Chucky Strachan leaped out from behind the bar and grabbed Kitty Pommeroy. He buried his face in Kitty’s neck. He kissed Kitty all over her face, all over the good side of her face, the side that wasn’t burn-scarred. Chucky was a skinny guy, and his pants dropped lower and lower over his skinny ass. Each time he bent over the slightest bit, he displayed a nice New England cleavage. Ruth tried to avert her eyes. A matronly woman in a floral skirt was waiting for a drink, but Chucky didn’t notice her. The woman smiled hopefully in his direction, but he slapped Kitty Pommeroy’s bottom and opened himself a beer.
“Are you married?” Ruth asked Chucky, as he licked Kitty’s neck.
He pulled away, threw a fist in the air, and announced, “My name is Clarence Henry Strachan and I am married!”
“May I have a drink, please?” the matronly lady asked politely.
“Talk to the bartender!” shouted Chucky Strachan, and he took Kitty out on the plywood dance floor in the middle of the tent.
The wedding service itself had been insignificant to Ruth. She had barely watched it, barely paid attention. She was amazed by the size of Dotty’s father’s yard, amazed by his nice garden. Those Wishnells certainly had money. Ruth was used to Fort Niles weddings, where the guests brought casseroles and pots of beans and pies. After the wedding, there’d be a great sorting of the serving dishes.
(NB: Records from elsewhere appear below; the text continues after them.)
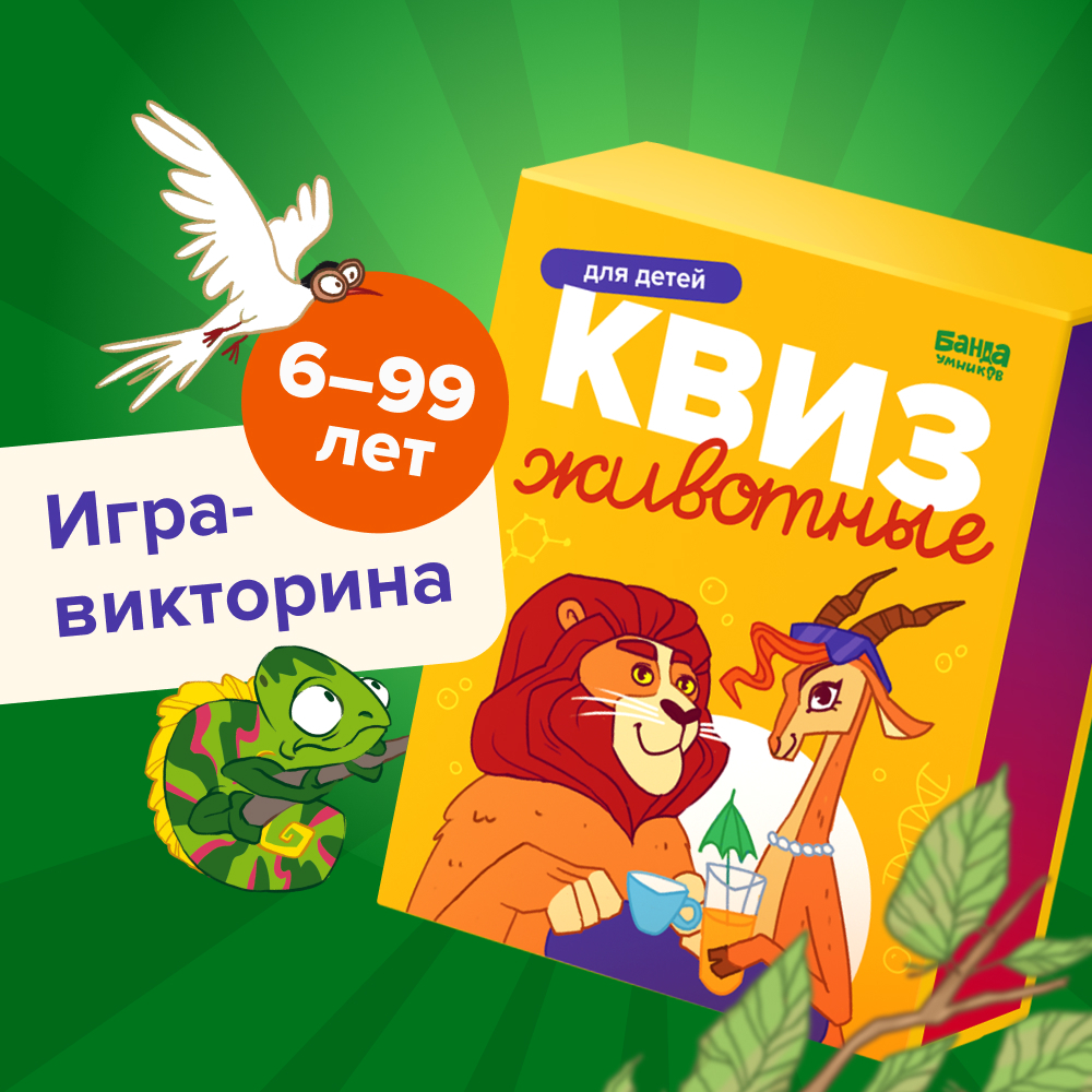 Поучаствовать в научном соперничестве в викторине "Квиз. Животные" могут 1-15 игроков от 6 лет.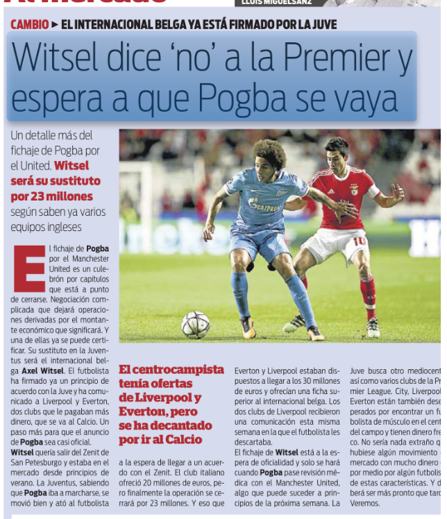 Sport claim that Witsel has chosen Juventus, and already communicated this decision to Liverpool and Everton. The Belgian preferred to play football in Italy, and seems to have finally found a club willing to pay both his fee and his high wages.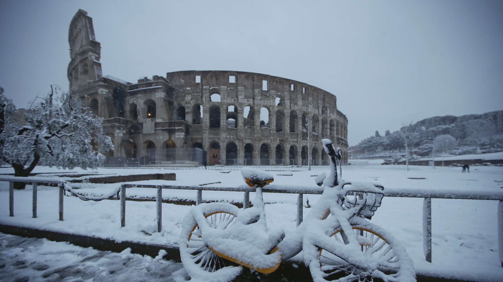 En kaldfront med snø, regn og sterk vind fra Sibir nådde Italia søndag – og mandag kom snøværet til Roma. Colosseum, samt nærliggende Forum Romanum og Palatinerhøyden, har blitt stengt som følge av det uvanlige været.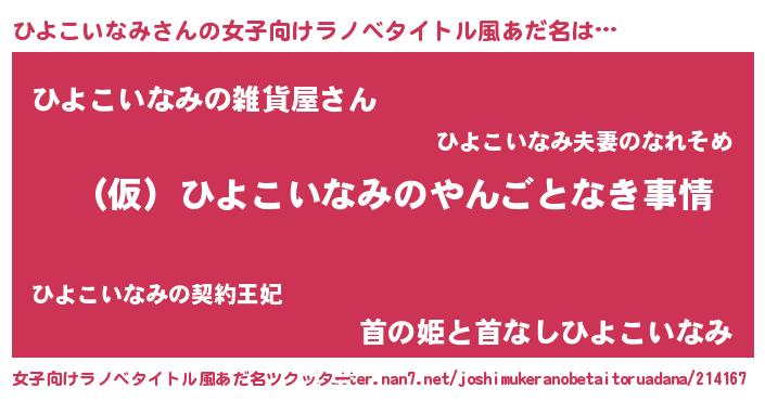 | 男性向けラノベタイトル風あだ名 | 『ひよこいなみの憂鬱』 |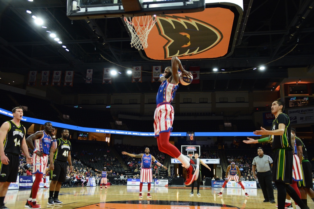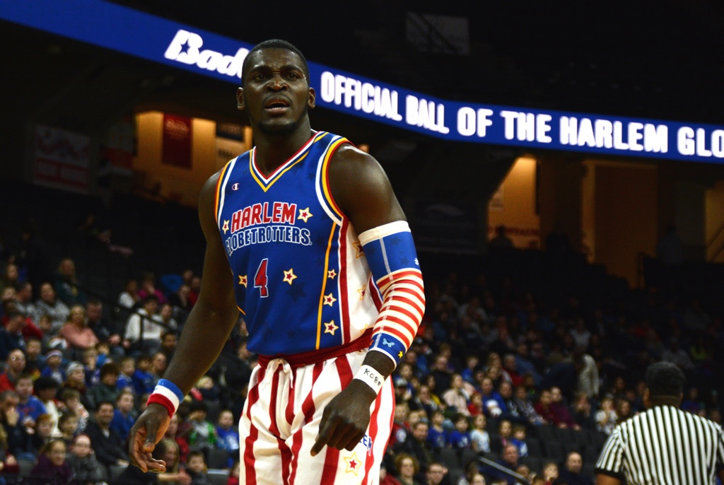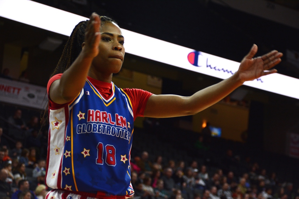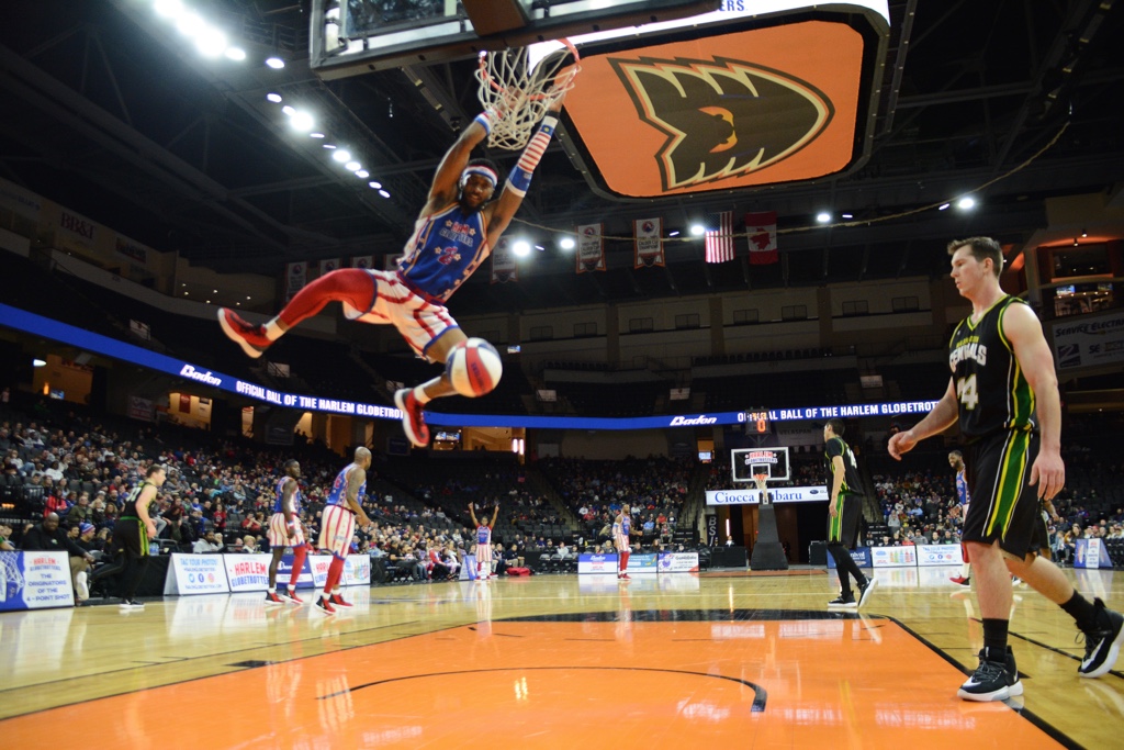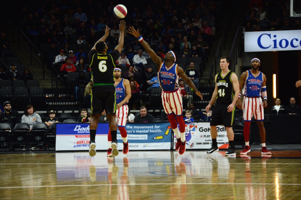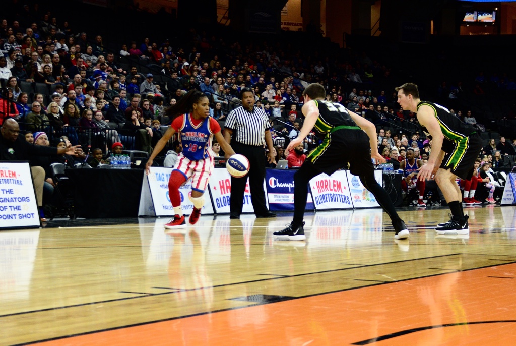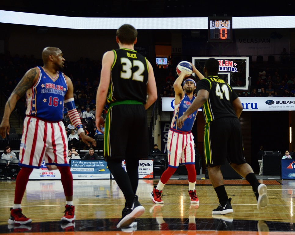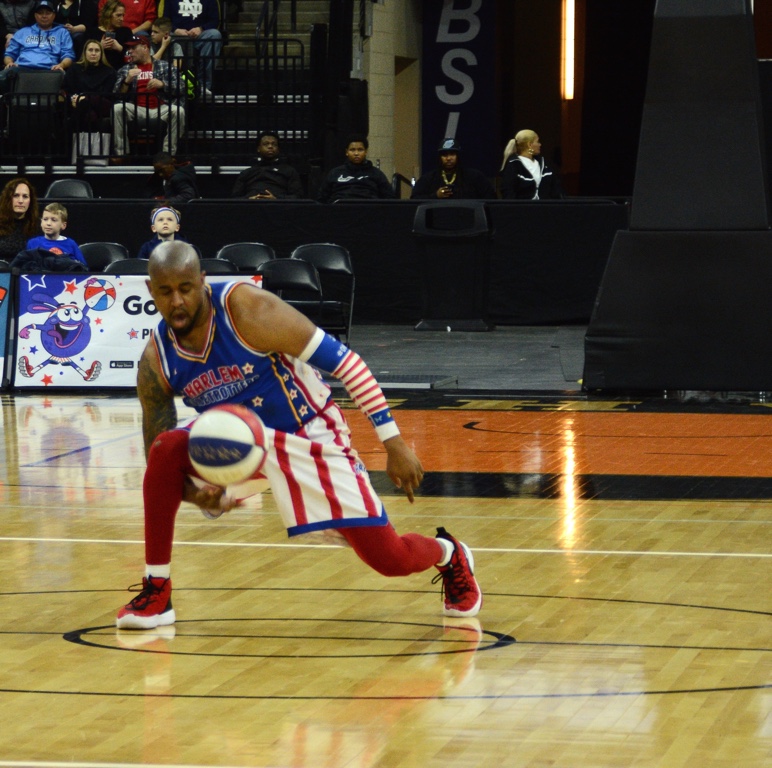 With a little whistling of “Sweet Georgia Brown”, The Harlem Globetrotters took half court and performed their famous circle warm up routine. As the ball passed, each player highlighted their talents which captivated the crowd. The lights went down, and glow in the dark basketballs added to the excitement.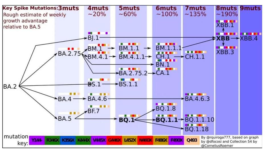 從上圖可見,當前在歐美地區以及中國流行的幾大毒株,都是由BA.2變異而來。徐建青教授分析,XBB.1不會比Omicron BA.2造成更大震蕩,因為它是在BA.2的基礎上出現的;同時,疫苗接種與本輪的BA.5.2/BF.7感染誘導的T細胞應答和抗體應答所形成的免疫屏障,對后續的XBB.1的流行將產生重大影響。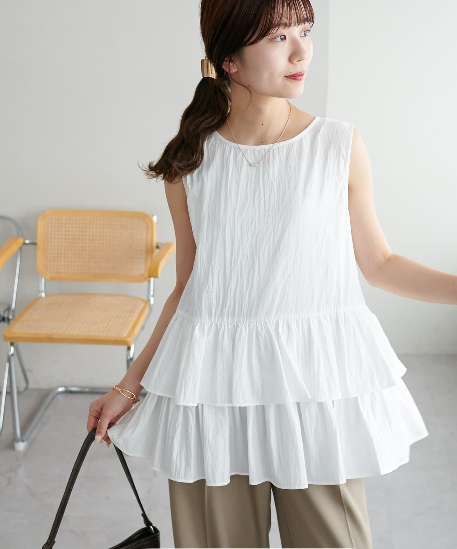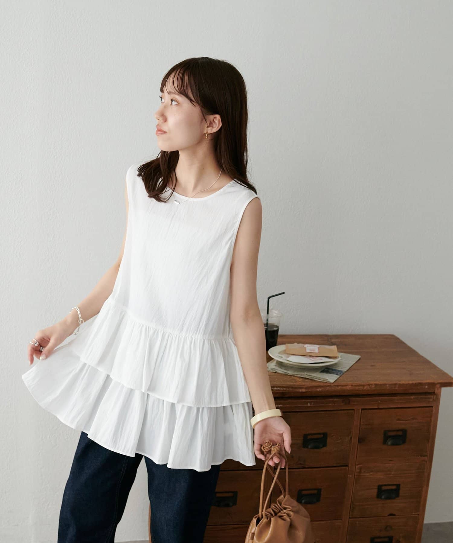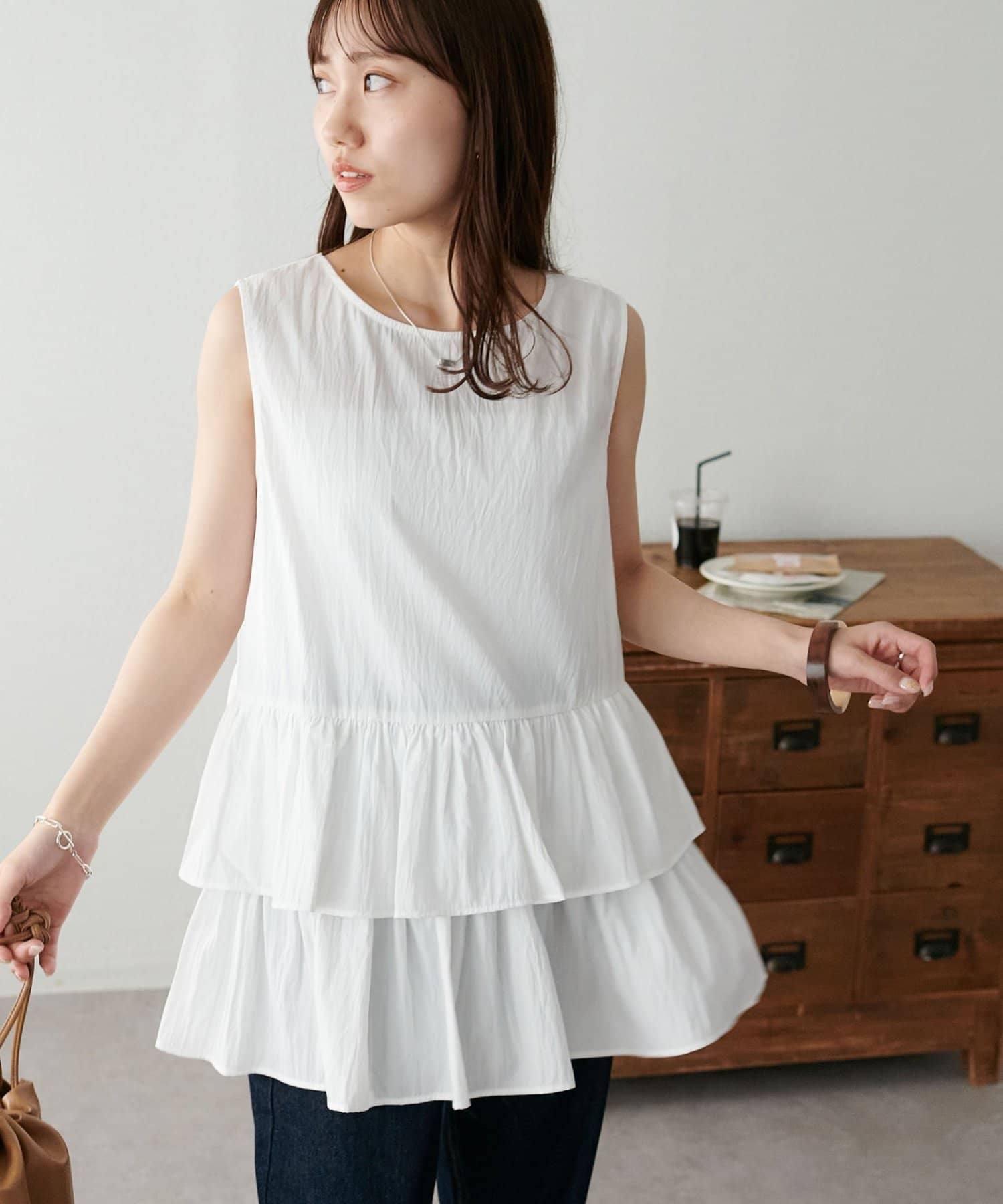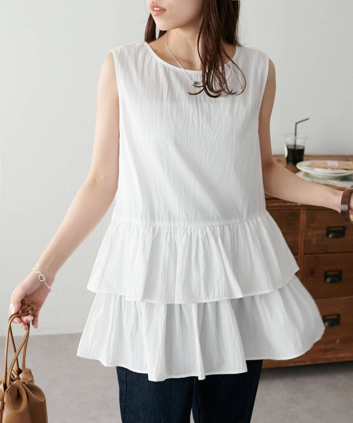 動きのあるティアードデザインが印象的な、ノースリブラウス。
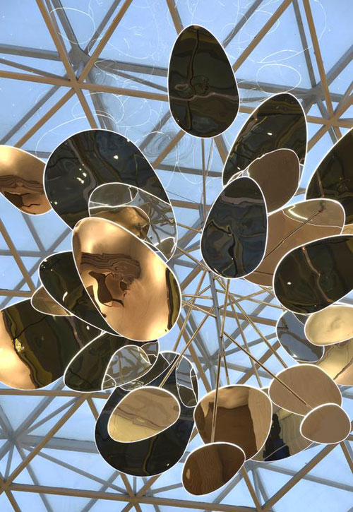 懸在中庭空間的不是豪華吊燈而是體量超大、空靈、斑斕的枝型藝術(shù)裝置物,這種「品味」可不是一般人能接受。設(shè)計(jì)師也明白這一點(diǎn),所以她沒(méi)忘記把一些視覺(jué)重點(diǎn)妝點(diǎn)得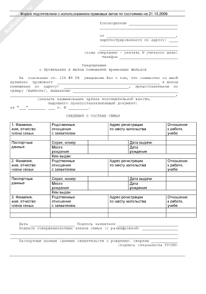 Уведомление в правлении жилищного кооператива о проживании в жилом помещении временных жильцов (рекомендуемый образец заполнения)
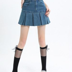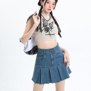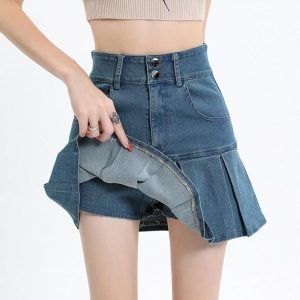 Revisit the cool trends of the late ’90s and early ’00s with our Y2K Pleated Jean Mini Skort. Combining the best of both worlds, it looks like a skirt but offers the comfort of shorts underneath. Featuring a belt looped waist and twin front pockets, it’s a must-have for those nostalgic about Y2K style.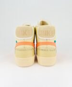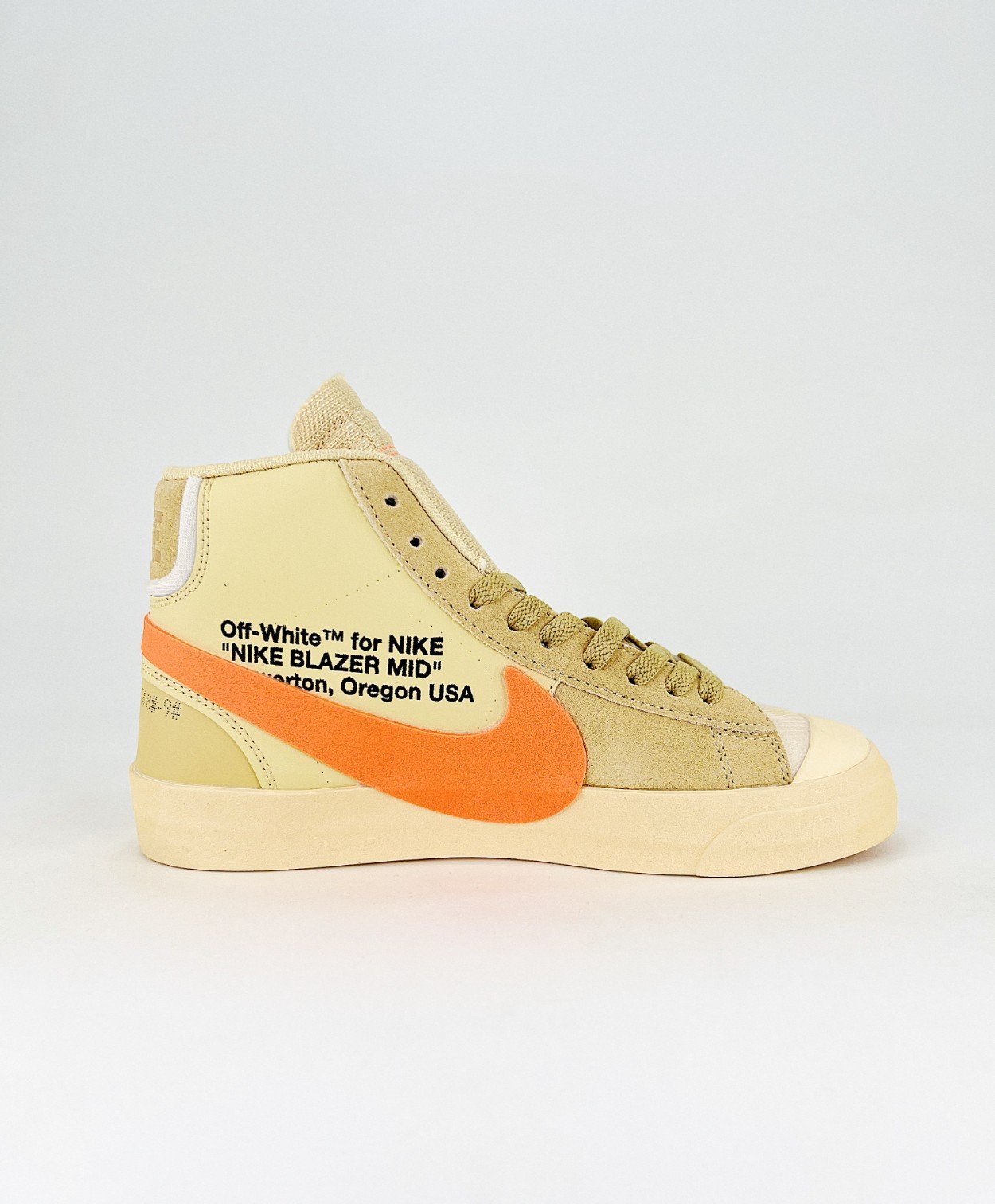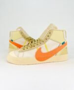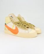 Nike Blazer Mid Off-White All Hallow’s Eve features a vibrant orange Swoosh against a Pale Vanilla base. The yellowish tan tone extends across the foam tongue and rubber midsole, while a blue zip tie adds a striking contrast. Virgil Abloh’s signature text is printed on the medial side, completing the unique design.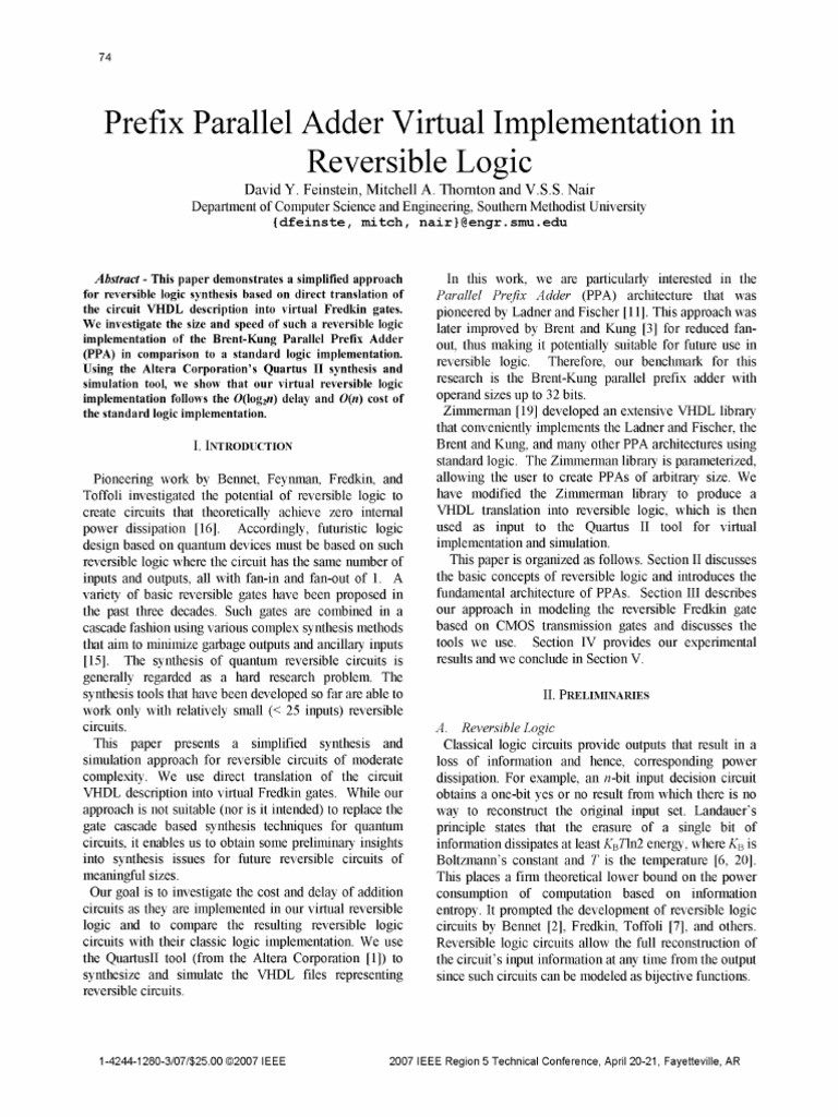 the circuit VHDL description into virtual Fredkin gates. pioneered by Ladner and Fischer [11]. This approach was

Whose tray is this? Whose coffee machine is this?
The wedding of Dotty Wishnell and Charlie Burden, on the other hand, had been catered by a mainland expert. And there was, as Pastor Wishnell had promised, a professional photographer. The bride wore white, and some of the guests who had been to Dotty’s first wedding said this gown was even nicer than the last one. Charlie Burden, a stocky character with an alcoholic’s nose and suspicious eyes, made an unhappy groom. He looked depressed to be standing there in front of everyone, saying the formal words. Dotty’s little daughter, Candy, as maid of honor, had cried, and when her mother tried to comfort her, said nastily, “I’m not crying!” Pastor Wishnell went on and on about Responsibilities and Rewards.